# How Did I Not Get Out Of Danger Zone



## tide92 (Feb 18, 2017)

I have an Akorn kamado that I mainly use for grilling, not slow smoking.  However, my outdoor outlet went out, so I couldn't use my electric smoker.I put a 7 1/2 lb pork butt on and fought for 1-2 hrs to get temperature to drop from 300 to 240.  Fell asleep once it stabilized.  Woke up and kept checking temp.  After 5 - 6 hrs, the temp
 Dropped to 200, so I started trying to get it back up.  An hour or so later (approx. 7 hrs. smoking), I checked the IT and it was 134 in a couple of spots.  How did it not get out of the danger zone with that much heat? Very confused[emoji]128533[/emoji].


----------



## noboundaries (Feb 19, 2017)

I've had one or two butts stall in the high 130s before.  Since I was going to take it to 200-205F IT, I didn't worry about it. 

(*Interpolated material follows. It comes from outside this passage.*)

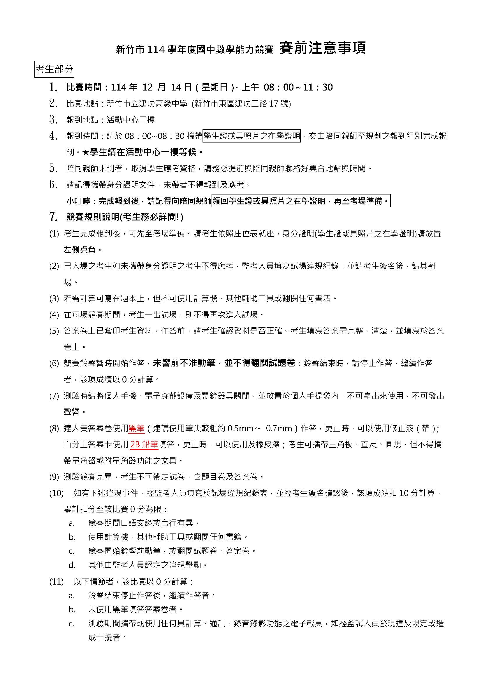 【公告】新竹市114學年度國中數學能力競賽 賽前注意事項

The rough thing about sleeping during a cook, which is necessary on overnighters, is you don't know exactly what happened.  It may have very well climbed through the danger zone, then dropped back when it stalled. 

BTW, there's is absolutely NOTHING wrong with smoking a butt at 300F, even higher.  I do it all the time.  Still comes out juicy and delicious and gets done in half the time.


----------